At the hearing, Plaintiff testified that he attended special education classes, and he thought that he completed ninth or tenth grade. ECF Dkt. #10-3 at 79. Plaintiff "bounc[ed] from school to school" and could not remember precisely the grade he had completed. He stated that he can read and write "a little bit but that's about it." Id. at 80. He cannot read and understand newspaper articles. He testified that he could not write a note indicating that he was going to the store, nor read a note that states the same. Id. at 104. When asked how he completed the paperwork for his SSI and DIB applications, he explained that his neighbors assist him with anything in written form.

Despite his difficulties with reading and writing, Plaintiff was gainfully employed most of his adult life. Plaintiff was a can filler at Campbell Soup for approximately eighteen years. Id. at 81-82. However, when the can filling process was computerized in February of 2004, Plaintiff lost his job due to his inability to understand the new process. Id. at 82.

After he was terminated from his job, Plaintiff struggled with alcohol abuse and suicidal thoughts, and was hospitalized in December of 2004 for detoxification and treatment for depression. ECF Dkt. #10-24 at 558. During inpatient treatment, Plaintiff stated that he felt like he was losing everything, after having lost his job and his wife, and being on the verge of losing his home. ECF Dkt. 10-24 at 558. He was prescribed Wellbutrin XL 100 mg and Buspar 15 mg twice a day. Id. Although Plaintiff claims to have suffered with depression throughout the relevant time period, he did not receive treatment again until January of 2007, when he began experiencing suicidal thoughts. He received mental health treatment intermittently through March of 2009.

In 2005, Plaintiff was diagnosed with moderate to severe asthma, probable Chronic Obstructive Pulmonary Disorder ("COPD") and acute bronchitis. ECF Dkt. 10-28 at 721. Although hospitalization was recommended, Plaintiff opted for outpatient treatment and was prescribed Prednisone for approximately two weeks then Levaquin 500 mg for ten days. Id.

Plaintiff found a job working as a fabricator in June of 2005, ECF Dkt. #10-10 at 277, however, shortly after finding that job, Plaintiff was severely injured in a motor vehicle accident on September 14, 2005. Plaintiff was life flighted to St. Vincent Mercy Medical Center, he was on a ventilator for approximately fourteen days, and was discharged to an extended care facility where he stayed for approximately one month due to a tracheostomy placement. ECF Dkt. 10-18 at 363-364; 10-21 at 483.

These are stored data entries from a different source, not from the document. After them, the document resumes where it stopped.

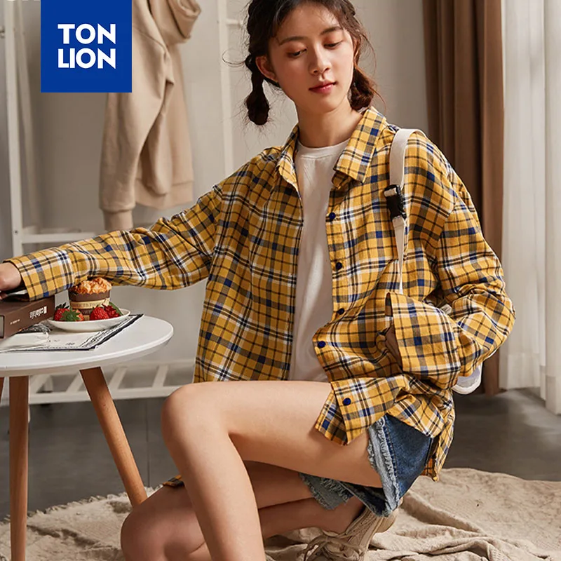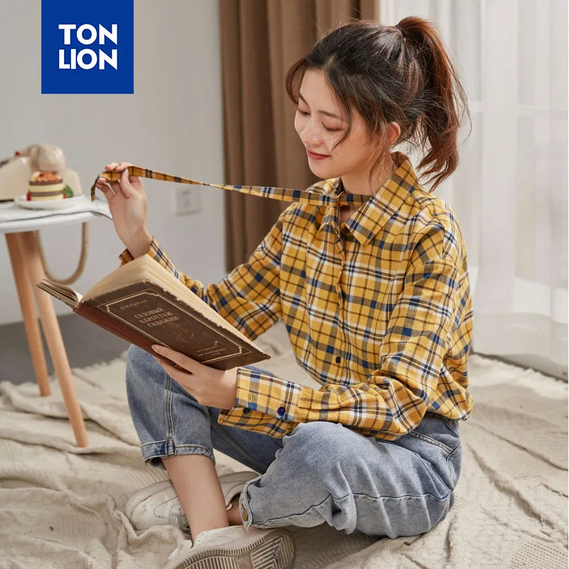 .Gallery for TONLION Yellow Purple Long Sleeve Plaid Shirt Women Full Sleeve Casual Shirts for Women Grils Fashion korean Spring Blouse 2020
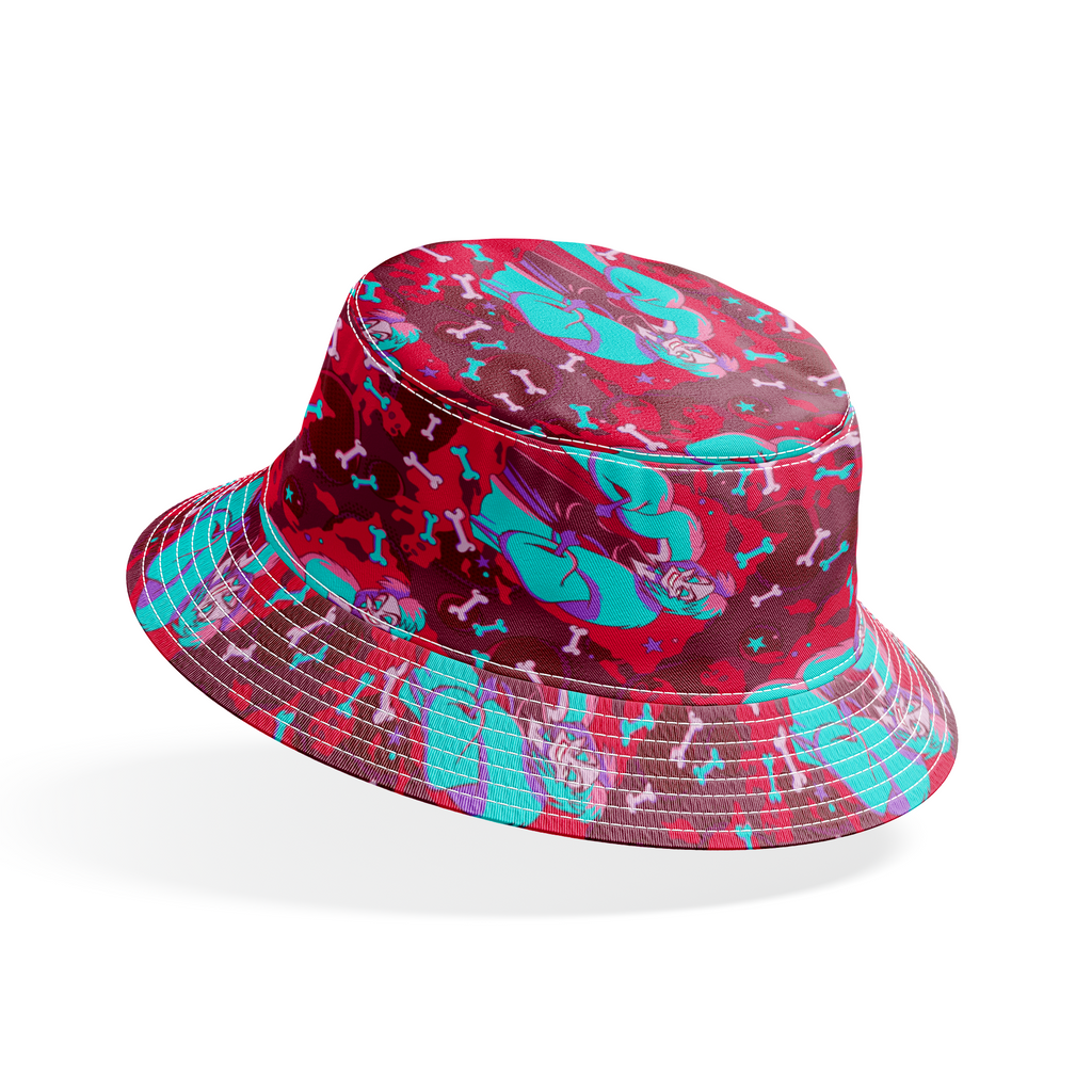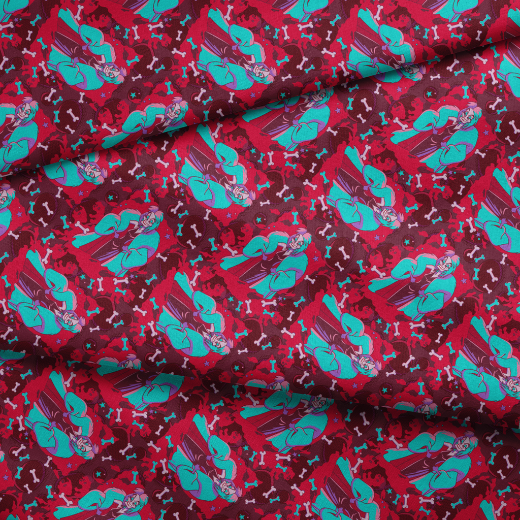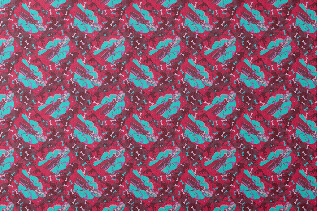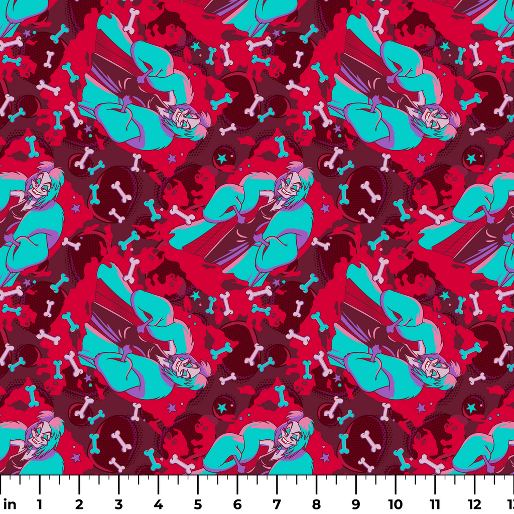 This vibrant pattern features Disney Villains Cruella in teal against a bold pink background with white bone motifs, perfect for fans of One Hundred and One Dalmatians and quirky character designs.
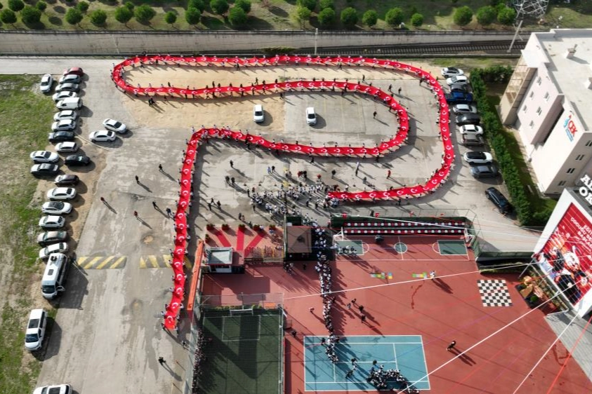 Cumhuriyet Bayramı kutlamaları çerçevesinde Bursa'nın Nilüfer ilçesinde organize edilen bayrak yürüyüşü, ilkokul, ortaokul ve lise öğrencilerinin katılımıyla coşkulu bir şekilde gerçekleşti. 500 metre uzunluğunda bayrak öğrenciler tarafından bir caddeyi boydan boya geçecek şekilde açıldı. Okuldan kortej eşliğinde çıkan öğrenciler Ahmet Taner Kışlalı ve Özlüce Bulvarını ellerinde taşıdıkları 500 metrelik bayrak ile birleştirdi. Yaklaşık 5 metro treni uzunluğundaki Türk bayrağı BURSARAY istasyonu önünden geçerken hareket halindeki tren ile yan yana gelince o anlarda drone ile havadan görüntülendi. Büyük gökdelenlerin arasından görüntülenen 500 metrelik Türk bayrağı renkli görüntülerin oluşmasına sebep oldu.
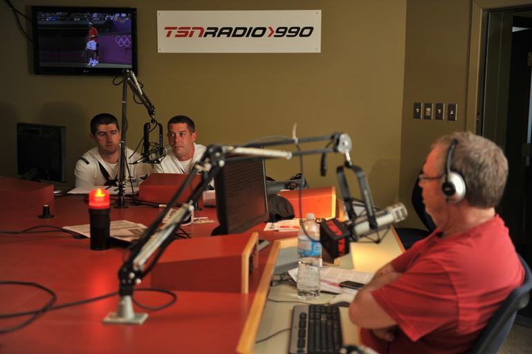 | Keywords: USS DeWert (FFG 45), USS Hurricane (PC 3) and HMCS Ville de Quebec (FFH 332) visit cities in America, Canada 120731-N-YZ751-366.jpg en Operations Specialist 3rd Class Zach Wood left and Electronics Technician 2nd Class John Cochran both from Oliver Hazard Perry-class frigate USS DeWert FFG 45 answer questions from Ted Bird on TSN Radio 990 Montreal about the ship's visit to the city DeWert Cyclone-class coastal patrol ship USS Hurricane PC 3 and Canadian Halifax-class frigate HMCS Ville de Quebec FFH 332 are visiting cities in America and Canada to commemorate the Bicentennial of the War of 1812 U S Navy photo by Mass Communication Specialist 2nd Class Tony D Curtis 2012-07-31 Canadian Forces CPO 2 Anthony Curtis https //www dvidshub net/image/639129 120731-N-YZ751-366 2012-08-03 23 03 MONTREAL CA PD-USGov-Military-Navy USS De Wert FFG-45 USS Hurricane PC-3 Images from DoD uploaded by Fæ |
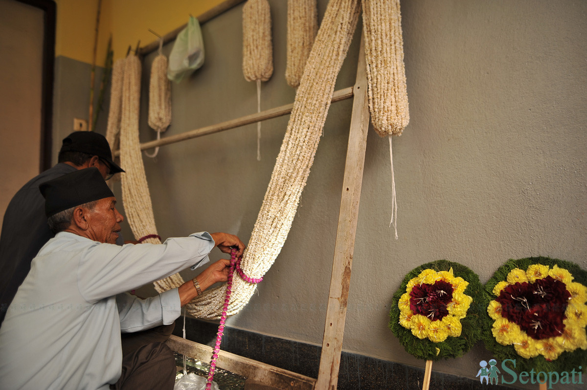आकाश भैरव सजाउने लाभाको माला मिलाउँदै। तस्बिर : नारायण महर्जन
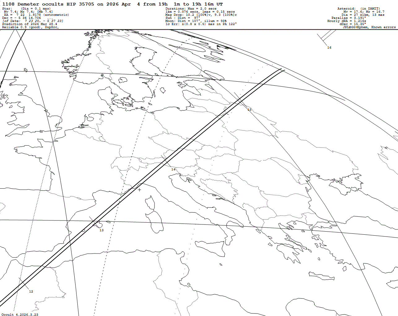 2026 Apr 04 ~19:12 UT: (1108) Demeter occults HIP 35705 (7.4 mag)
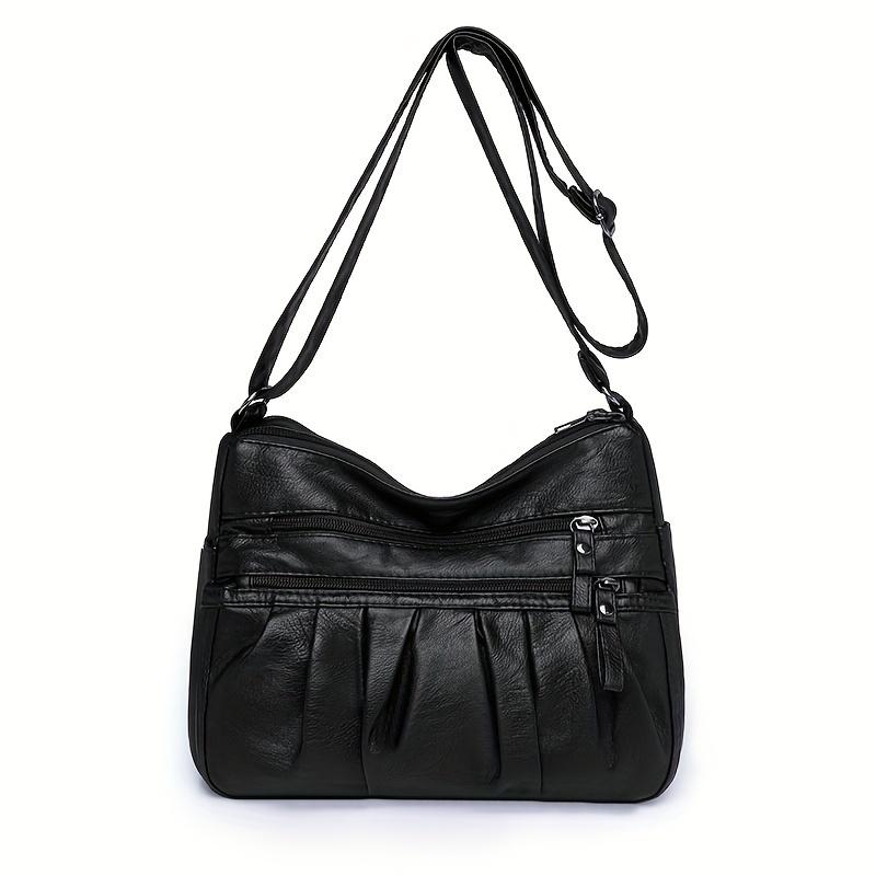Винтажная многослойная сумка через плечо, ретро-сумка через плечо из ПУ, женская модная сумочка и кошелек чёрный

Plaintiff's health worsened while recovering from the accident. On October 25, 2005, he went to an emergency room with complaints of severe pain and a productive cough. Chest x-rays revealed a sixth left rib fracture and infiltrate in the chest with multiple subacute rib fractures with "significant displacement" among the fractures. ECF Dkt. #10-20 at 455. He returned to the emergency room on November 8, 2005, where he was given medication for neuropathic pain caused by injury to his intercostal nerves. Id. at 451. On December 1, 2005, Plaintiff was referred for pain management. Dr. Jay L. Smith, M.D. explained that despite intense inpatient treatment and rehabilitation, Plaintiff continued to suffer from persistent, severe left sided chest wall pain, which Plaintiff was treating with twelve Percocets per day to get adequate relief. ECF Dkt. #10-21 at 483. Dr. Smith prescribed Kadian 50 mg per day progressively increasing to 100 mg per day, in hopes of providing improved pain relief. Plaintiff sought ongoing treatment for severe pain throughout the relevant time period.

The term "intercostal" describes the muscles, parts, or intervals between the ribs.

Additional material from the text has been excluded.